I tried to find a way to watch this game but had no success, but from the stats looks pretty impressive. Anyone from the Denver area get to watch this and actually get to see him play?


----------



## darth-horax (Nov 21, 2005)

Nope...but it does look promising.

What I like from the article is the promise of Anthony Roberson. 12 points last night. I don't think that Von Wafer is necessarily safe in his roster spot this season.

If KMart can just contribute like this until he's ready to come fully back, the Nuggets will be very tough come Jan. 1.


----------



## Sliccat (Oct 16, 2004)

all the guards have been playing really well in the preseason except for smith. jones has suprised me too.


----------



## HB (May 1, 2004)

Good for him. Injuries are frustrating, nice to see him back on the court


----------



## darth-horax (Nov 21, 2005)

I"m worried for JR. His life has been turned upside down, and honestly, Bobby Jones looks just as solid, but better on D.

Myabe JR is trade bait now...


----------



## Sliccat (Oct 16, 2004)

darth-horax said:


> I"m worried for JR. His life has been turned upside down, and honestly, Bobby Jones looks just as solid, but better on D.
> 
> Myabe JR is trade bait now...


I'm really hoping Jones makes the team. I think he's an upgrade over Diawara.


----------



## nbanoitall (May 21, 2004)

yes, roberson is a prospect, he just left school to early i believe.
Melo is right, hes back. the question is can he stay back.


----------



## Sliccat (Oct 16, 2004)

I'd prefer Roberson over Carter for the last spot... he at least has an upside.


----------



## darth-horax (Nov 21, 2005)

...and he's young, too. I like Diawara, but right now I'd rather see Bobby Jones on the team.


----------



## Sliccat (Oct 16, 2004)

darth-horax said:


> ...and he's young, too. I like Diawara, but right now I'd rather see Bobby Jones on the team.

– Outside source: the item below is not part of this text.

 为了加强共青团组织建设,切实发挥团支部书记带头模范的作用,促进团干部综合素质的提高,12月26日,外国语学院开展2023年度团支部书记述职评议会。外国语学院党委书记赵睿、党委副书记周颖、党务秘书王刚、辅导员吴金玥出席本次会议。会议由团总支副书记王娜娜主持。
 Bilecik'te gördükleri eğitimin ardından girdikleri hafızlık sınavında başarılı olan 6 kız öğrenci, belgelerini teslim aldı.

I'm starting to agree, but I'd like to see how the rest of the preseason plays out first. I'm not sure if Jones is really this good, or if he's just on a roll.


----------



## darth-horax (Nov 21, 2005)

History shows he's nto a great player. I like Diawara, but it 'seems' as if B-Jones ahs a more consistent shot.

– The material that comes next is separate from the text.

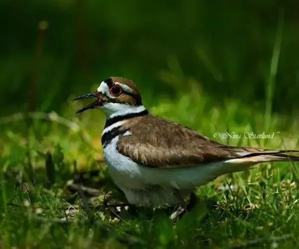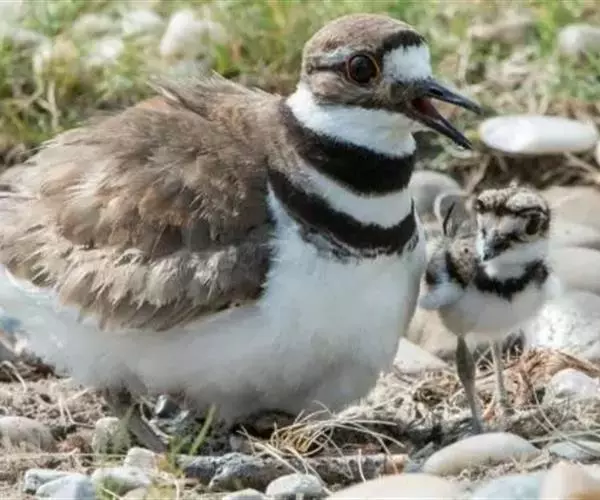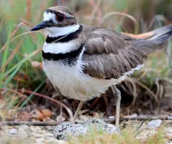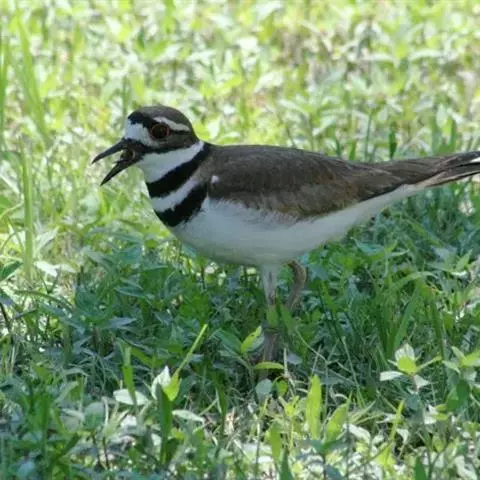 双领鸻(学名:Charadrius vociferus)属中小型涉禽。背褐色,腹白色,胸有两条黑色带。飞行时显现出黑白相间的翅和褐色的尾。跗蹠修长,胫下部亦裸出。中趾最长,趾间具蹼或不具蹼,后趾形小或退化。翅形尖长,第1枚初级飞羽退化,形狭窄,甚短小;第2枚初级飞羽较第3枚长或者等长。三级飞羽特长。尾形短圆,尾羽12枚。是迁徙性鸟类,具有极强的飞行能力。通常沿海岸线、河道迁徙。生活环境多与湿地有关,离不开水。栖息于海滨、岛屿、河滩、湖泊、池塘、沼泽、水田、盐湖等湿地之中。分布于美洲地区。

Which one can help us most? Toss up.


----------



## Sliccat (Oct 16, 2004)

darth-horax said:


> History shows he's nto a great player. I like Diawara, but it 'seems' as if B-Jones ahs a more consistent shot.
> 
> Which one can help us most? Toss up.


I think Jones fits better. He's much quicker, has to be a better shot, and is more dynamic on defense (steals/blocks). Diawara is a safer man defender, doesn't take as many risks, but I think Jones' potential positives are bigger.


----------



## darth-horax (Nov 21, 2005)

Maybe we can trade Diawara to teh Mavs...they wanted him last year...

:|


----------



## RoddneyThaRippa (Jun 28, 2003)

darth-horax said:


> Nope...but it does look promising.
> 
> What I like from the article is the promise of Anthony Roberson. 12 points last night. I don't think that Von Wafer is necessarily safe in his roster spot this season.
> 
> If KMart can just contribute like this until he's ready to come fully back, the Nuggets will be very tough come Jan. 1.


Von Wafer will be with the team. Not so sure about Diawara though. 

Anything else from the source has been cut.